The park is the site of a traveling midway carnival in the late spring and early fall and hosts more than fifty thousand people annually during the Rogersville Fourth of July celebration.

The town-sponsored festival of lights is hosted at the Park, where the Department of Parks & Recreation illuminates several thousand holiday lights and exhibits.

In September 2023, the Rogersville Parks and Recreation Department was awarded a $500,000 grant, to be matched with local funds, from the TN Local Parks and Recreation Fund to install ADA compliant restroom facilities and upgrade playground equipment.

===Crockett Spring Park===
Located in downtown Rogersville, the Crockett Spring Park is a joint project of the town and the Rogersville Heritage Association. The park is the site of Rogersville's first settlement, and the tavern and home built by founder Joseph Rogers is preserved on the site. The park encompasses the Rogers Cemetery, where Joseph and Mary Rogers and the grandparents of Davy Crockett are buried.

The site of Rogersville's first public swimming pool is here, as is the gazebo built to commemorate the bicentennials of both the town (1989) and the state (1996). This public park is maintained by the Rogersville Parks and Recreation Department and the auspices of the Rogersville Tree Board.

===Swift Memorial Park===
Rogersville was home to an African-American college, Swift College, in the late nineteenth and early twentieth centuries, and Swift Park, located off North Hasson Street in the central part of the town, commemorates the legacy of that institution. In addition, the park boasts picnic shelters, two playgrounds, and basketball courts.

==Education==
There are two school districts covering the Rogersville municipal limits: elementary students are in the Rogersville City Schools while secondary students are in the Hawkins County School District.

The Rogersville School District has a single PreK-8 school, Rogersville Elementary School. It was established circa 1923. (present configuration beginning 1950; Rogersville City School System). Mascot is the Warrior (Formerly the Chief; Until Cherokee High School in 1981); colors are red, white, and black. Serving grades K-8 since 1950; from 1923 to 1950, grades 1–12 (grades 9–12 transferred to Rogersville High School). Competes in interscholastic athletics. In 2007, the RCS Warriors football team won the TMSAA state championship.
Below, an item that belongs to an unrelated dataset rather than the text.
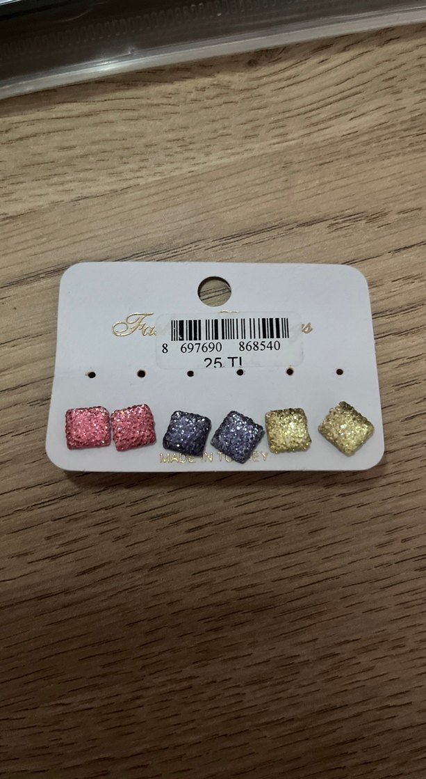 Renkli pullarla süslenmiş kısa kare küpelerden oluşan set, bohem romantik gece için uygun. ✨ Hiç kullanılmadı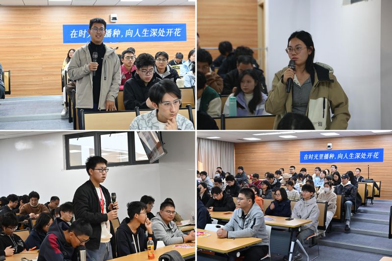 现场学子积极提问互动,大家围绕大学生活体验、未来发展方向、职业路径选择等话题与嘉宾交流,嘉宾们逐一耐心解答,现场响起阵阵掌声。分享会现场还举行了资环学院第二届“青绿” 朋辈讲师团聘任仪式,邵新宇和高煜为讲师团本研学生代表颁发了聘书,最后,崔姗姗为与会嘉宾颁发了特邀报告证书。

The current high school including Rogersville in its attendance boundary is Cherokee Comprehensive High School, c. 1981–present (Hawkins County School System). Serves grades 9–12. Mascot is the Chief; colors are red, black, and white. Comprehensive public high school serving students from the former Rogersville High School and Bulls Gap High School. Competes in TSSAA-sanctioned interscholastic athletics. The previous high school was Rogersville High School, c. 1923–1980. Mascot was the Warrior, colors were maroon and gray.

The county school system operates these schools within the city limits of Rogersville, although these are not the zoned schools for city residents:
- Rogersville Middle School, c. 1981–present (present configuration beginning 2000; Hawkins County School System). Mascot is the Warrior; colors are maroon and gray. Serving grades 6–8 since 2000; from 1981 to 2000, grades 5–8 (fifth grade transferred to Hawkins Elementary School). Competes in interscholastic athletics.
- Hawkins Elementary School, c. 1968–present (present configuration beginning 2000; Hawkins County School System). Mascot is the Bearcat; colors are light blue and gold. Serving grades 3–5 since 2000; from 1978 to 2000, grades K-4 (grades K-2 transferred to Joseph Rogers Primary School; fifth grade received from Rogersville Middle School).

The following county school is near, but not inside, the Rogersville city limits, and is not a zoned school for city residents:
- Joseph Rogers Primary School, c. 2000–present (Hawkins County School System). Mascot is the Bearcub and colors are green and purple. Serving grades PreK-2.